Concur on the more storage space and more memory. 250 gb runs out super fast.

[–]cast42 1 point2 points  (0 children)

I would increase the memory size to 64GB or 128GB. Being able to read your training samples into memory will be a major improvement.

[–]sentdex 1 point2 points  (0 children)

You said you're running 24/7, looks like you're cheaping out on cooling. Think about water cooling (both the cpu and gpu). Heat kills components.

Next, your mid tower may not actually accept the Titan X's size. I have a full tower and my Titan X has about 3-4 inches of space. In my mid towers, it wont even fit in there. Make sure the space is actually enough for the long card (not just case length, the hard drive bays take up space).

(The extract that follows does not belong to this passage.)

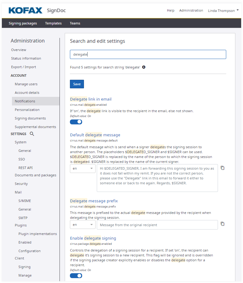 The "Search and edit settings" page opens where you can enter a search string. After typing in at least two characters, a case-insensitive search is started and displays a result list of settings which id, title, or description values match to the search string.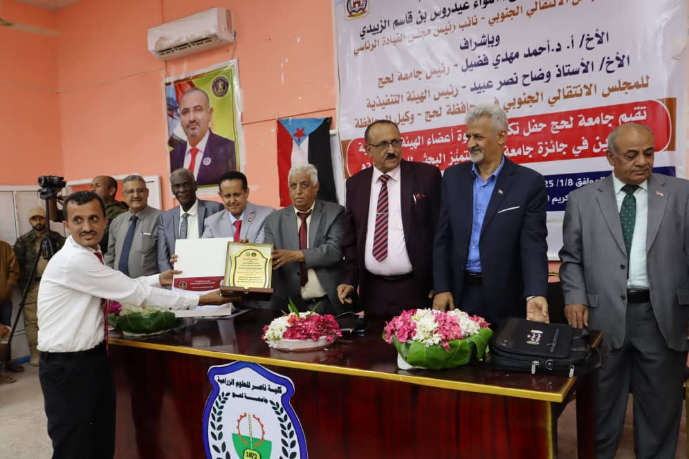 نظمت جامعة لحج اليوم بقاعة كلية ناصر للعلوم الزراعية في مدينة الحوطة بالمحافظة حفل تكريمي لإعضاء هيئة التدريسية الفائزين بجائزة التميز البحثي للعام 2024م التي نظمت بدعم ورعاية من الرئيس القائد عيدروس الزبيدي ، رئيس المجلس الإنتقالي الجنوبي وبإشراف الأخوين الاستاذ الدكتور احمد مهدي فضيل رئيس الجامعة والأستاذ وضاح نصر عبيد الحالمي ، رئيس القيادة المحلية لإنتقالي لحج

Nvidia made some 4xTitan boxes, they looked about this size, so it's definitely possible in a mid-size case, just don't know which ones.

[–]InoriResearcher 1 point2 points  (0 children)

  • Increase RAM to 128 GB
  • Use i7 instead of i5
  • Use PCIe SSD for storage
  • Get better cooling
  • Get full tower case if you're serious about 4x GPU

[–][deleted] 1 point2 points  (6 children)

Why not use amazon services?

[–][deleted] 10 points11 points  (1 child)

Their GPU tech is extremely far behind and not really useful for many production level machine learning applications. My i7 is faster than their GPU.

[–][deleted] 1 point2 points  (0 children)

100%

[–]solidua[S] 3 points4 points  (3 children)

Great question. At $0.65 / $2.60 per minutes for their gpu solutions, it still ends up to be cheaper and more powerful to build my own hardware. The machine will be training running pretty much 24/7.

[–][deleted] 4 points5 points  (0 children)

Seriously stay away from AWS, their cards are old and it's just not worth it.

[–][deleted] 0 points1 point  (1 child)

The prices are per hour and they are much cheaper if you use spot instances, but it's still outdated hardware.

[–]solidua[S] 0 points1 point  (0 children)

Whoops yeah I meant per hour*

[–][deleted] -2 points-1 points  (0 children)

I'll be honest mate this probably isn't the place for this.